■ **PROMPT**: Return, character for character, the lines from the one bearing "Siyah tişörtün kollardaki" through the end of the material. Omit everything before that line.

■ **DATASET**:
========================================

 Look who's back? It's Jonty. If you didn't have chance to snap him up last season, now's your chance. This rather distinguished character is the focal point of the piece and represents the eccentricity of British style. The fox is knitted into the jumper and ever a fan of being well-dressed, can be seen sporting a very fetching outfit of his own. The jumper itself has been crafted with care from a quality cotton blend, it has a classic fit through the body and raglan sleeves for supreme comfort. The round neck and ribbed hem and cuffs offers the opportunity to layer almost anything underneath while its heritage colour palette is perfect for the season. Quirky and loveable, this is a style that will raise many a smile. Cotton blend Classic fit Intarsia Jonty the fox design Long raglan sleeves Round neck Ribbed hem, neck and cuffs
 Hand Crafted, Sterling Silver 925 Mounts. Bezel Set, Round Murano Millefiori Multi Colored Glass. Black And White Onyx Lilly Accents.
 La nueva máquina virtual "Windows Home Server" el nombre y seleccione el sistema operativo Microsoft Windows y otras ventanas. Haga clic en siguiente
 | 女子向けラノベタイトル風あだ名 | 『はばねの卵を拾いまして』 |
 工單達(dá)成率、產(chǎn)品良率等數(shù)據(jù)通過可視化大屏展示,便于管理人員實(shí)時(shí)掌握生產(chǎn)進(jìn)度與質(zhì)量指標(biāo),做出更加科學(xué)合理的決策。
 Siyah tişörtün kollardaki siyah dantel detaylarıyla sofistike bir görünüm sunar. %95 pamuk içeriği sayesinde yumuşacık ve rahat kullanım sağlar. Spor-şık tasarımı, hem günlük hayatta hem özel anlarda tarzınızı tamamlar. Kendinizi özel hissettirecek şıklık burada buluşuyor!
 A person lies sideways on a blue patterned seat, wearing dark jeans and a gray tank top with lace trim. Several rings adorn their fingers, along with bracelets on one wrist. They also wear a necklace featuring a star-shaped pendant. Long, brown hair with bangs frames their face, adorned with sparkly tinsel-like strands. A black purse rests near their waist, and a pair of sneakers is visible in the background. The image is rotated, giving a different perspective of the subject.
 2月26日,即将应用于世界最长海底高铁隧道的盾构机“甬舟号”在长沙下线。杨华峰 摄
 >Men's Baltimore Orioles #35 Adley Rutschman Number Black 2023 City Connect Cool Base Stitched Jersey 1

========================================

■ **WRITTEN REPLY**:
 Siyah tişörtün kollardaki siyah dantel detaylarıyla sofistike bir görünüm sunar. %95 pamuk içeriği sayesinde yumuşacık ve rahat kullanım sağlar. Spor-şık tasarımı, hem günlük hayatta hem özel anlarda tarzınızı tamamlar. Kendinizi özel hissettirecek şıklık burada buluşuyor!
 A person lies sideways on a blue patterned seat, wearing dark jeans and a gray tank top with lace trim. Several rings adorn their fingers, along with bracelets on one wrist. They also wear a necklace featuring a star-shaped pendant. Long, brown hair with bangs frames their face, adorned with sparkly tinsel-like strands. A black purse rests near their waist, and a pair of sneakers is visible in the background. The image is rotated, giving a different perspective of the subject.
 2月26日,即将应用于世界最长海底高铁隧道的盾构机“甬舟号”在长沙下线。杨华峰 摄
 >Men's Baltimore Orioles #35 Adley Rutschman Number Black 2023 City Connect Cool Base Stitched Jersey 1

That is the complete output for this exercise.